The difference between the two marks the difference between why one has prospered and the other is, you'll pardon the pun, dying. Arbor has grown through modest acquisitions and internal growth and stayed in Canada. It has quietly grown revenues and profits. Loewen became extremely aggressive and expanded into the U.S. on borrowed money. Eventually Loewen's blooming debt and some unfortunate lawsuits that resulted forced it into seeking court protection. Loewen's shares plunged from a high of $55.50 to its current frozen price of $0.17.
Arbor was founded in 1947 and operates in every province except Newfoundland and P.E.I. Cemetery properties range from 25 to 180 acres in size. The company is non-sectarian and serves people of all faiths and ethnic origins.
The company has been recommended since February 1999 by Patrick McKeough in The Successful Investor. Pat notes that the stock had traded as high as $35 in 1997 but was dragged down by the Loewen debacle. At the time he recommended it, Arbor traded at $16. Unfortunately, the timing proved to be too soon and Arbor continued to fall as did Loewen hitting a low of $4.75 in November 2000. Since then the stock has risen steadily to its current $11.10. The quarterly report to July 30, 2001 showed solid earnings growth.
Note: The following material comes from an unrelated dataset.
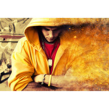 Auf der Suche nach einem ausgefallenen Wandbild als Aluminiumbild gebürstet? Das Motiv Mann mit Kapuzenpulli im Querformat gefällt dir und du hast nach Wandbildern mit den Wörtern Mann, Mode, Hoodie, Graffiti, Street Style und Hiphop gesucht? Dann ist dieses Aluminiumbild gebürstet in der Farbe Gelb genau das richtige Wandbild und Dekorelement für dich! Setze ein Highlight an deiner Wand! Das Aluminiumbild gebürstet Mann mit Kapuzenpulli ist in 5 verschiedenen Größen verfügbar, von klein und dezent bis hin zum XXL Aluminiumbild gebürstet.

An added bonus is the possibility of a takeover down the road. The giant American company, Services Corporation International (SCI) owns 38% of class A voting shares and 65% of class B non-voting shares in the company. In August 2000, SCI sought a court order to wind up Arbor and divided its assets between the two principal shareholders. This application was withdrawn in December 2000. SCI is Arbor's largest competitor and may someday launch a formal takeover bid at a premium.
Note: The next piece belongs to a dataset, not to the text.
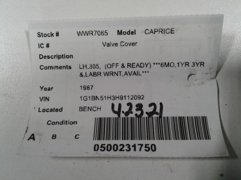 Powered by Frooition All Items See our eBay store for more great items >> Shop Categories ABS Anti-Lock Brake Part Other Aftermarket Stereos Air Bags Amplifiers Anti-Lock Brake Part Automobiles Stereos A/V Equipment CD Changers Center Caps + Wheel Covers Chassis Brain Box Coil Packs Computer + Control Modules Distributors Door Mirrors Door Panels DVD Equipment Engines Front Lamps Grilles Headlamp & Front Lamps Heat A/C Control Heater Motor/Blower Starters Interior Switches Interior Switch / Controls Keyless Entry FOB Owners Manual's Speedometers Tail Lights Transmission Wheels + Tires Alternators Fuel Pumps Window Regulators & Controls Steering Pumps Wiper Motors Compressors INFO/GPS/TV SCREENS Radiator Windshield Washer Bottles Condenser Shifters Windows & Sunroof Turbo Superchargers Glass Doors Air Cleaner Box Spindles Drive Shafts CAPRICE 1987 Valve Cover 917875 Item Description This listing is for the item pictured. It is ready to ship and comes with a 90 day warranty! eBay compatibility may be incorrect. See below for fitment information and any notes pertaining to this specific part. Feel free to contact us if you have any questions. Thanks for looking! Donor Vehicle: Year: 1987 Model: CAPRICE Stock #: WR7065 Mileage: 41000 Notes: LH,305, OFF READY 6MO,1YR 3Y This part will only fit: For more parts from this vehicle, CLICK HERE . About Us About Us Payment Shipping Terms Returns About Us We are a family-owned business with over 30 years in the used car parts industry. We're proud to provide excellent quality used auto parts at famously discounted prices! Over time we have grown to 4 locations in Harrison, MI, Lansing, MI, Saint Johns, MI, and Toledo, OH. We are here to serve you Monday thru Friday 8 a.m. to 5 p.m. EST. If you have any concerns or questions, please feel free to message us here on eBay. We will normally get back to you within 12 hours during the work week. Payment Payment We accept Paypal, all major credit cards and cash (if you are picking up the item). Payment is required within 2 days of winning a listing. If payment is not made after 2 days, an unpaid item case will be opened. Shipping Shipping Most items will ship ground with UPS or USPS. We may use other carriers at our discretion. In some instances, freight orders will require a business address with a loading dock or forklift. A good working phone number is required for all orders. Local pickup is also an option on any order. Our 4 locations are open Monday thru Friday from 8 a.m. to 5 p.m. EST. Please check with us before driving out to make sure we have the part ready at the location nearest to you. Terms Terms Most items include a 90-day warranty (unless otherwise indicated). This coverage is included on all new or used parts unless otherwise stated in the listing or on the front of the invoice. This warranty is non-transferable. Labor is not covered under any circumstance unless a separate labor warranty is purchased. Extended warranties are also available. Please see our website for complete details and exclusions. Returns Returns We allow 60 days for returns. If you ordered the incorrect part or simply do not need it, you are responsible for the origin and return shipping. Helpful Links Add to Favorite Sellers Sign up to Newsletter View Feedback Contact Seller Visit seller's eBay Shop About Seller Page More Items! View more great items PUSH BUTTON IGNITION SWITCH 2015-2016 CHRYSLER 300 WORKS GREAT! $107.09 Wheel 18x8 Alloy 8 Spoke Fits 14-17 INFINITI QX50 1615364 $224.99 Passenger Right Headlight Fits 04-06 MDX 1623916 $89.99 Passenger Right Headlight Fits 07-09 ASPEN 1610956 $84.99 Powered by Frooition Frooition | No-js Template | eBay design, eBay store design, eBay shop design, eBay template design, eBay listing design (ver:froo_no_js) This listing is currently undergoing maintenance, we apologise for any inconvenience caused.

Although we will be following the class B shares (because they are more widely traded), Pat McKeough recommends the class A shares if you can get them for less than a 10% premium over the B shares.
Quarterly Earnings per Share
| 2000 | 2001 | % Change | |
| To July 30th | $0.21 | $0.69 | 228.6% |
| Revenues (000s) | $42,061 | $45,040 | 7.1% |
Annual Earnings per Share
| to Oct. 31st | 1998 | 1999 | % Change | 2000 | % Change |
| EPS | $0.1.19 | $1.08 | -9.2% | $1.27 | 17.6% |
| Revenues (000s) | $151,915 | $163,580 | 7.7% | $169,246 | 3.5% |
Earnings in 1999 exclude extraordinary items relating to tax liabilities, a loss on disposition of assets and an accounting charge to reflect a drop in property values.